What is the thinking behind static generation? That is, the idea of when and how it’s beneficial to do computation ahead-of-time rather than on pageload, like a CMS would do.
Static generation allows you to change the way that costs occur. This change doesn’t always equal less cost, but it’s about paying different costs at different times.

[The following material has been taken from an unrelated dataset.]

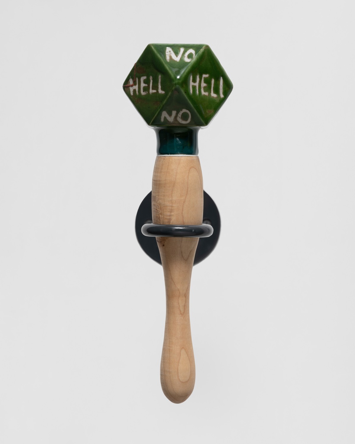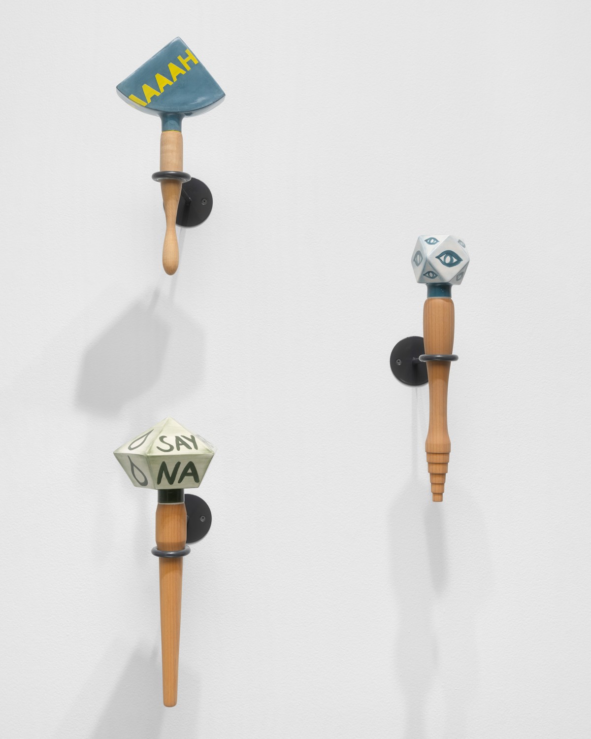 Constructed with a variety of materials, Mann’s rattles, noisemakers, trumpets, and other instruments are tools that galvanize the sonic energy of her work. From large fiberglass horns to smaller handheld ceramic rattles, each of these artworks act as their own distinct voice. When played together, they make up a unique collective unit; a synergistic roar that embodies the voices of those who strive for social change.
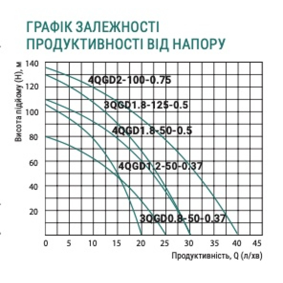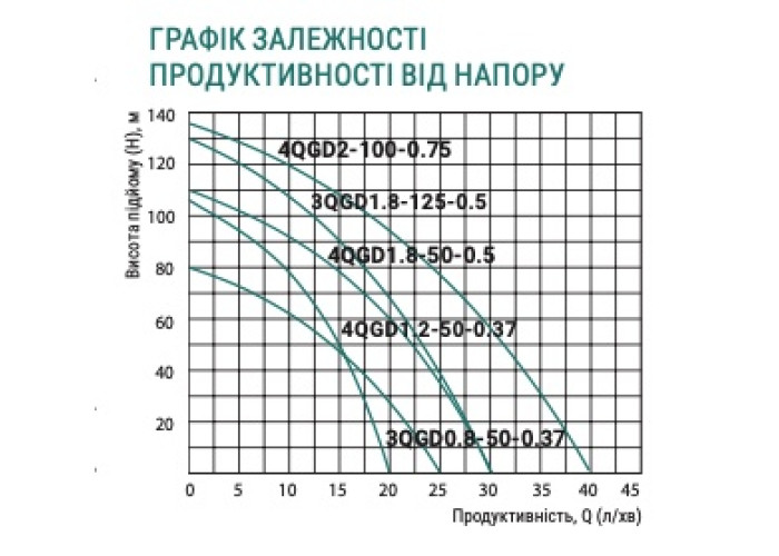 Н = 135 м, Q = 2,4 м3/год. (40 л/хв.), Р = 750 Вт, діаметр корпусу 96 мм, 1"

Storage is cheap, whether it’s disk storage or services like S3, and it tends to be cheap both for time and for space. Thus it doesn’t hurt too much to store content that’s unlikely to be viewed.
Computation is expensive: despite the miracles of technology, processing power and RAM still have bounds with power consumption, heating, and so on. Services like EC2 allow you to slice this cost much thinner, reserving instances for shorter periods of time - but keeping a big box on all the time will still mean a big bill.
The complexity of a problem decides whether it’ll be solvable with static generation. For instance, look at game complexity. At first glance, tic-tac-toe and chess appear to be the same sort of problem, but tic-tac-toe has only 255,168 possible positions - in contrast to chess’s 10^47.
Consider then, a blog with 10 posts. A basic site would include ten individual pages for posts, and one front page: 11 things to generate. If the posts have tags - let’s say eight different tags, then we’ll need to generate 10 post pages, a home page, and 8 tag listings.
How about combining up to two tags, like metafilter allows?
That’ll be 8 tag pages, plus 10 post pages, a home page, and 56 unique combinations of ordered tags. It gets worse: with 20 tags, it would be 380 tag combinations.
In many cases, you can use estimation or a heuristic to greatly change the type of complexity possible. Instead of generating infinitely many floating point value solutions to a problem, you can generate only integer solutions and round: this is the approach that grids, like UTFGrid, take.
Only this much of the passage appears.